Or, just get people to vote the way the GOPs do.

Look up Jerry Falwell and his Moral Majority. Jerry was a televangelist who grabbed the GOP by the grassroots.

He used his extensive mailing list to find the small local GOP clubs that decide who is going to be the next sheriff or country clerk. If there'd been twenty people at the last meeting, Jerry's folks would show up with fifty.

[–] partofthevoice@lemmy.zip 10 points 2 days ago

That’s kind of smart. Find elections that are so volatile, you can easily amass a small group to tip the tides. Win that election, and use your newfound influence to snowball the effect into larger and larger wins over time.

Only problem is that it’s predatory on small town folk who have a working, albeit delicate, political system. It’s using their delicate platform as a stepping stone for self-promotion, denying them a voice on their own platform in the process.
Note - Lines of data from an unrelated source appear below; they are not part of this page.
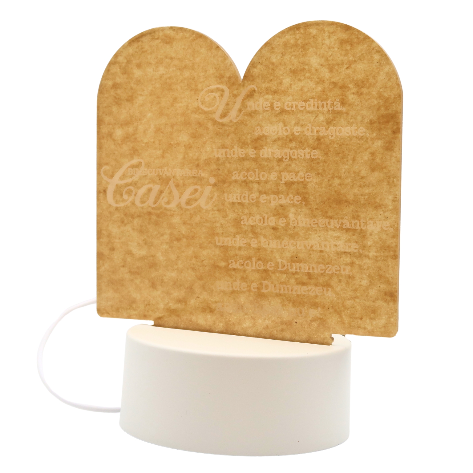 Această lampă de veghe simbolică aduce o lumină caldă și o atmosferă liniștită în casa ta, fiind inscripționată cu textul plin de semnificație al Binecuvântării casei. Ideală pentru a exprima credința și protecția divină, este o alegere perfectă pentru decorarea locuinței. Formă delicată de carte deschisă, inscripție clară și precisă, iluminare blândă, care oferă un ambient plăcut și reconfortant. Dimensiuni compacte, potrivite pentru noptiere, rafturi sau mese de hol. Oferă o notă specială de credință și dragoste în dar pentru prieteni, familie sau ocazii speciale, cum ar fi mutarea într-o casă nouă, aniversările sau sărbătorile religioase. Această lampă de veghe nu este doar o sursă de lumină, ci și un simbol al binecuvântării și al păcii care domnesc în fiecare casă.
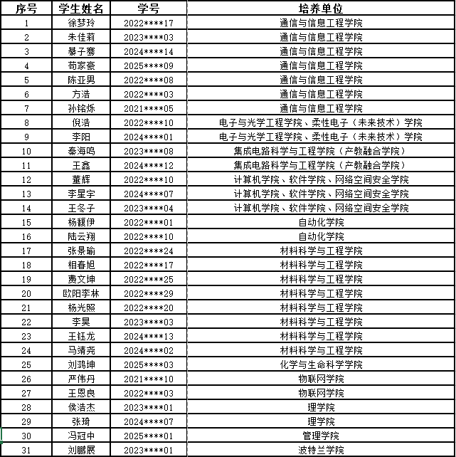 根据《南京邮电大学研究生国家奖学金评审实施细则(修订)》,经个人申报、学院评审公示、学校审核,下列同学拟获得2025年研究生国家奖学金,现予公示。
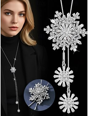Женское ожерелье с подвеской в виде снежинки – элегантное длинное цепочное украшение с кристаллами для женщин, зимняя мода и рождественский подарок
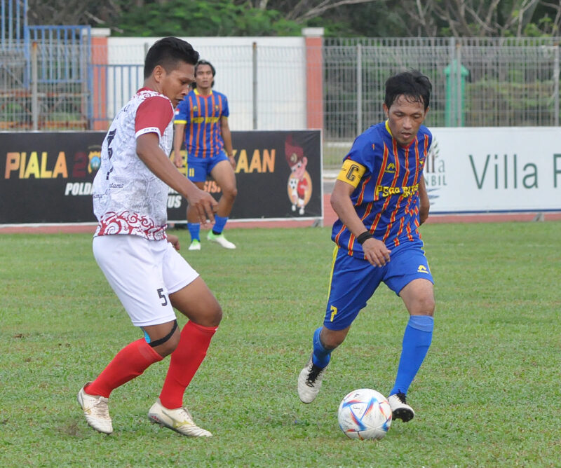 Pemain PS BP Batam (biru) berusaha melewati hadangan pemain PS Natuna (putih) dalam penyisihan Grup D Piala Kemerdekaan di Stadion Citramas, Kamis (14/7). F. Ryan Agung/Batam Pos
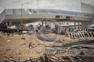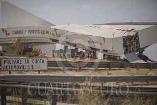TIJUANA BAJA CALIFORNIA, 15JULIO2023.- Caseta de Cobro El Hongo Colapsa Tras Choque y un hombre muere en el lugar Un choque de un trailer contra la caseta de cobro Capufe, El Hongo, causó el colapso de la estructura. El saldo del incidente fue de una persona sin vida y al menos 7 personas con lesiones, que fueron atendidas en el lugar. De acuerdo a información de testigos, el trailer se quedó sin frenos e impacto en la estructura, causando su colapso y la muerte del conductor. Actualmente la ruta se encuentra totalmente cerrada y se está desviando el tráfico hacia la carretera libre. KAREN CASTAÑEDA/CUARTOSCURO.COM

Only other problem is that it apparently works, if people are fucking doing it.

[–] deft@lemmy.wtf 3 points 2 days ago (1 children)
[–] ceenote@lemmy.world 4 points 1 day ago (1 children)

Because it is, by design, an undemocratic institution that gives rural voters multiple times as much power as voters who live in more populated areas.

[–] deft@lemmy.wtf 1 points 1 day ago (1 children)

I think reforms are in need there specifically on gerrymandering but also ranked voting.

The senate isn't an undemocratic institution that's literally insane to say about something that relies on elections to get into

[–] ceenote@lemmy.world 2 points 1 day ago (1 children)

It is insane to say an institution where representatives of 10% of the population can thwart the interests of the other 90% (Source) is democratic. Russia has elections, that doesn't make it a functioning democracy.

[–] deft@lemmy.wtf 1 points 1 day ago

Russia's elections are known to be a facade like in North Korea. And I do agree America isn't authentic in their elections either.

But the senate is one of the few spaces we get elections often and specifically for our locality. I don't think the senate as a concept is a problem, I think there are flaws in the execution

[–] Maggoty@lemmy.world 1 points 2 days ago

Or we abolish the senate and expand the house to the several thousand representatives it should actually be. Term limits on legislators in a small legislature just makes the party even more powerful because nobody will have name recognition except the party. It also highly encourages working with lobbyists who promise to get you a cushy landing spot after your term. For what most people have an issue with, an age cap with a good retirement would work.